Deux romans inspirés par des faits réels

Il est frappant de les voir toutes deux s’intéresser, dans leur dernier livre, à l’histoire encore largement méconnue et occultée d’une autre minorité discriminée et persécutée par les nazis, les Sinti. Cette histoire a cependant commencé à sortir de l’ombre ces dernières années, avec des travaux d’historiens, de psychologues ((Le livre publié par Silvia Wolf à l’occasion de l’inauguration du monument commémoratif de la ville de Trêves contient une bibliographie très complète: WOLF, Silvia. 2012. Überleben- das war für uns nicht vorgesehen ! Lebensgeschichten rheinland-pfälzischer Sinti-Familien, Jacques Delfeld (ed.), Landau : Verband Deutscher Sinti und Roma.)), la publication d’ouvrages fondés sur des témoignages de Sinti survivants ((GUTH, Karin Guth. 2009. Z 3105. Der Sinto Walter Winter überlebt den Holocaust. Hamburg : VSA-Verlag. https://www.vsa-verlag.de/uploads/media/VSA_Guth_Z3105_Winter.pdf, HAUMANN, Heiko. 2016. Die Akte Zilli Reichmann. Zur Geschichte der Sinti im 20. Jahrhundert. Frankfurt am Main : Fischer Taschenbuch Verlag.)) et l’inauguration en 2012 de monuments commémoratifs, notamment à Berlin et à Trêves, pour ne citer que les villes présentes dans les romans des deux auteures qui s’inscrivent probablement en partie dans ce contexte. Ils sont aussi à relier à une actualité marquée par des « faits divers » qui témoignent d’une persistance des préjugés anti-rom et même d’actes ouvertement racistes inspirés par une idéologie d’extrême-droite clairement néonazie ((Regina Scheer explique dans une interview qu’elle s’inspire pour écrire de ce qu’elle « voit et vit »: « Das Material für mein Schreiben, ist das, was ich sehe und erlebe » (Buchjournal 10. 04. 2019, p.11) et cite dans cette même interview l’exemple d’un article à propos d’un immeuble de Schöneberg « envahi » par des Roms qui l’a fait réagir.
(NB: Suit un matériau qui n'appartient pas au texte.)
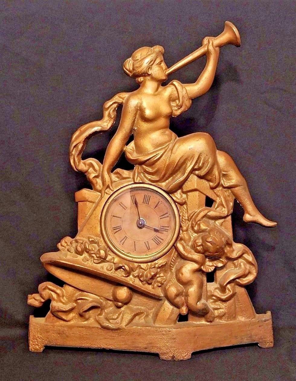 ANTIQUE VINTAGE CLOCK VICTORIAN NUDE CHERUB atop LARGE BELL CAST GOLD METAL IRON
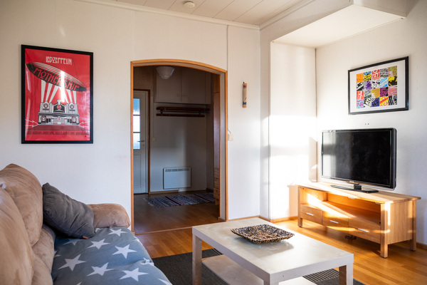 Bottenvåningen omfattar vardagsrum, sovrum, kök, badrum och wc. På övre våningen finns ytterligare ett sovrum, ett arbetsrum samt ett allrum. Den totala bostadsytan uppgår till cirka 80 m² vilket gör huset lagom stort och lättskött.
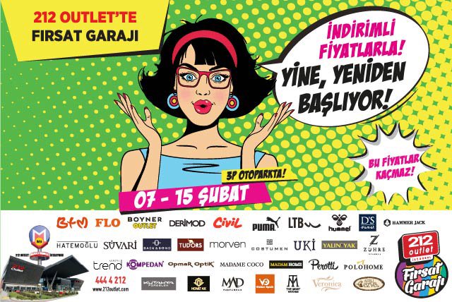 212 Fırsat Garajı, 7 – 15 Şubat tarihleri arasında 212 Outlet’te açılıyor. Fırsat Garajı’nda; tekstilden ayakkabıya, ev dekorasyonundan halıya, parfümden oyuncağa, zücaciyeden optiğe dünyaca ünlü markalar, en düşük fiyatlarla sizleri bekliyor.
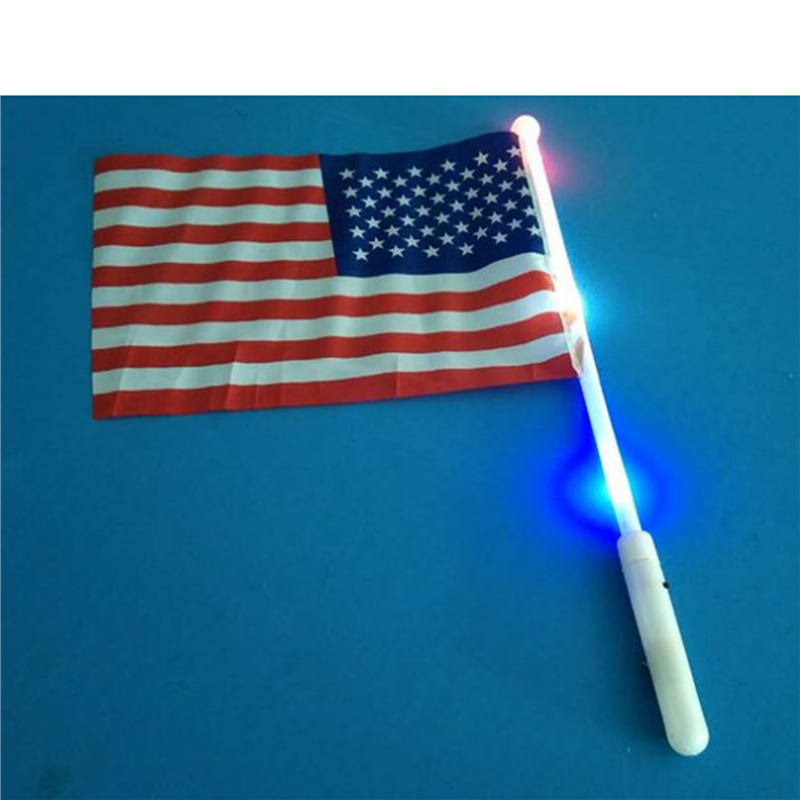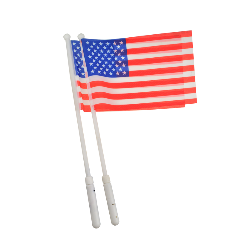 Illuminate your logo in a unique way with this 7.5" x 10" LED single reverse stick flag! This 100D flag is mounted on a light up staff that features 3 stand-out light settings and included batteries that are replaceable. LED light colors are a combination of red, blue and green only and is the ideal promo for sporting events, concerts, fundraisers and much more. Complies with Prop 65. 19" L x 11.8" W x 7.8" H
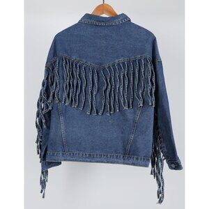 Women's Oversized Fringed Jacket Tassel Jean Jackets Cowgirl Western Denim Blue
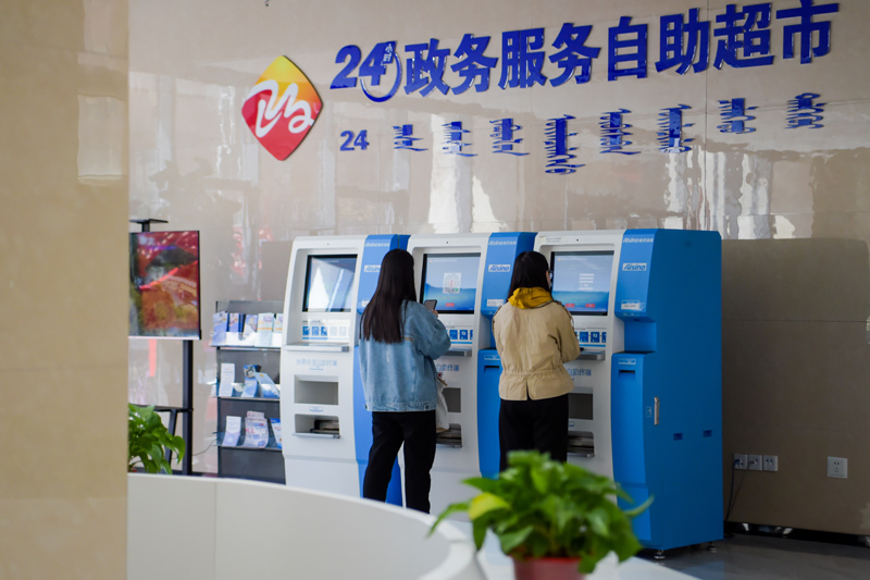 在內(nèi)蒙古自治區(qū)呼和浩特市玉泉區(qū)政務(wù)服務(wù)中心的“24小時(shí)政務(wù)服務(wù)自助超市”,市民在自助辦理發(fā)票業(yè)務(wù)(2022年4月2日攝)。新華社記者 李志鵬 攝
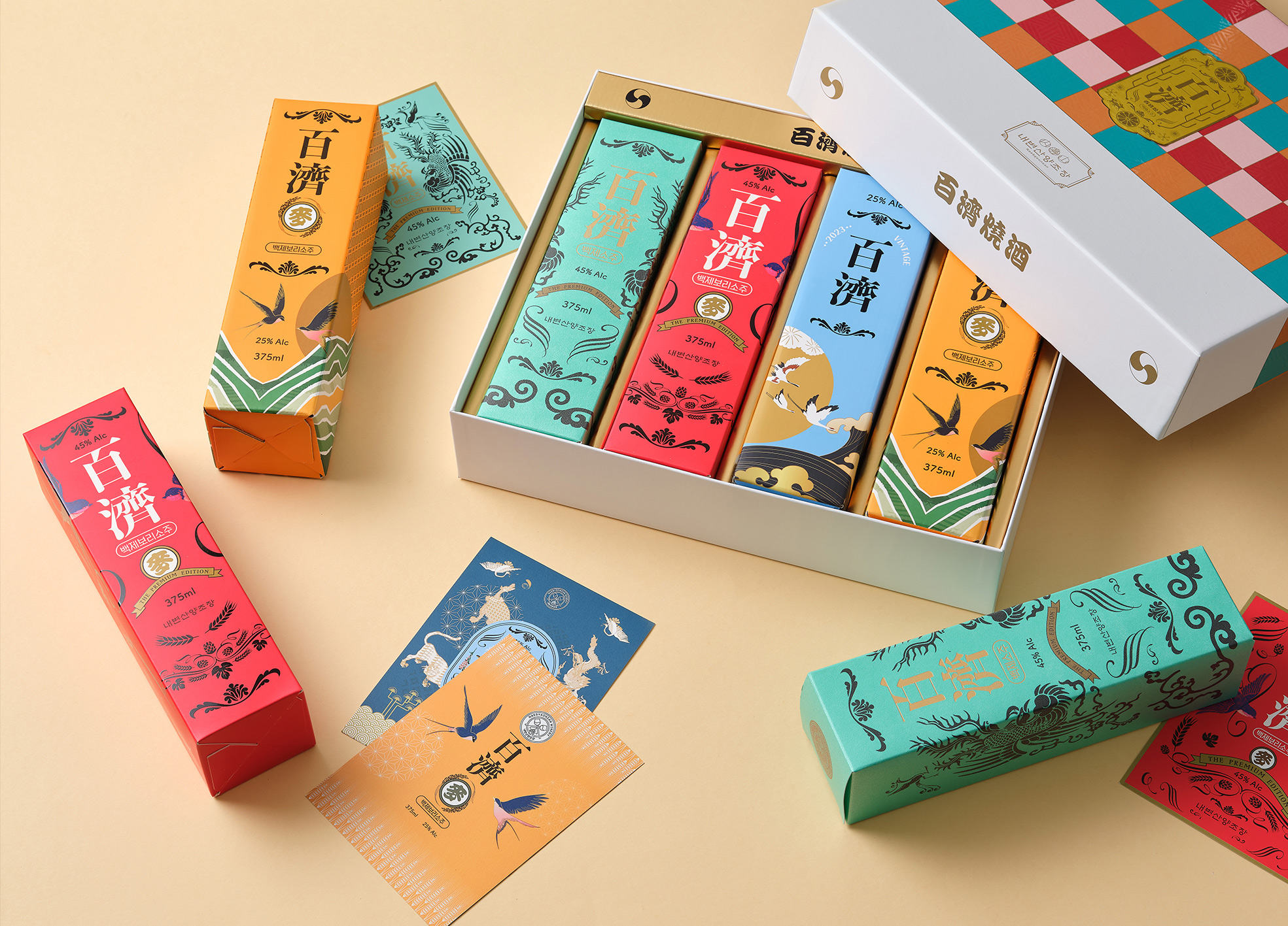 내변산양조장의 백제소주는 백제 왕조의 유산을 현대적 감성으로 재해석한 프리미엄 세트 패키지와 고급 라인으로 새롭게 선보입니다. 25도에서 45도까지 다양한 도수의 제품들로 구성된 이 시리즈는 백제 시대 의복과 유물에서 영감을 받은 패턴을 디자인에 적용하여 깊은 역사적 품격을 시각적으로 전달합니다. 단순한 주류 이상의 가치, 즉 문화적 연결과 시대적 이야기를 담아내는 것을 목표로 했습니다. 프리미엄 라인 디자인은 마치 왕이 하사한 귀한 선물을 받는 듯한 특별한 감성을 불러일으키며 제품을 여는 순간부터 소비자에게 잊지 못할 경험을 제공합니다. 이를 통해 백제소주는 전통과 현대가 조화된 독창적 아이덴티티를 확립하고, 국내외 애호가들에게 차별화된 브랜드 경험을 전달하고자 합니다.
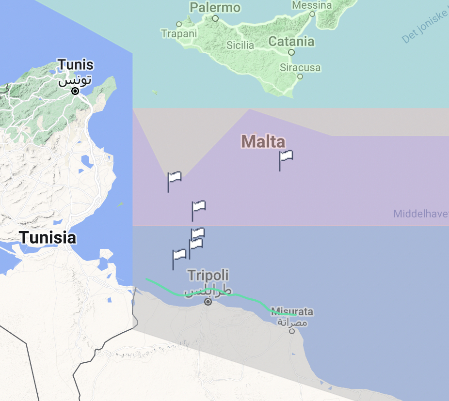 Men operasjonene fant sted i Libyas og Maltas søk- og redningssoner (SAR):

Ursula Krechel a, quant à elle, vraisemblablement été marquée par les attaques subies par un restaurant de Trêves tenue par une famille de Sinti et rappelées dans l’un des discours tenus lors de l’inauguration du monument commémoratif déjà évoqué : cf. https://www.agf-trier.de/wp-content/uploads/2018/06/Artikel-Christian-Pfeil.pdf et archiv.16vor.de/man-kann-verzeihen-darf-aber-nicht-vergessen/.)).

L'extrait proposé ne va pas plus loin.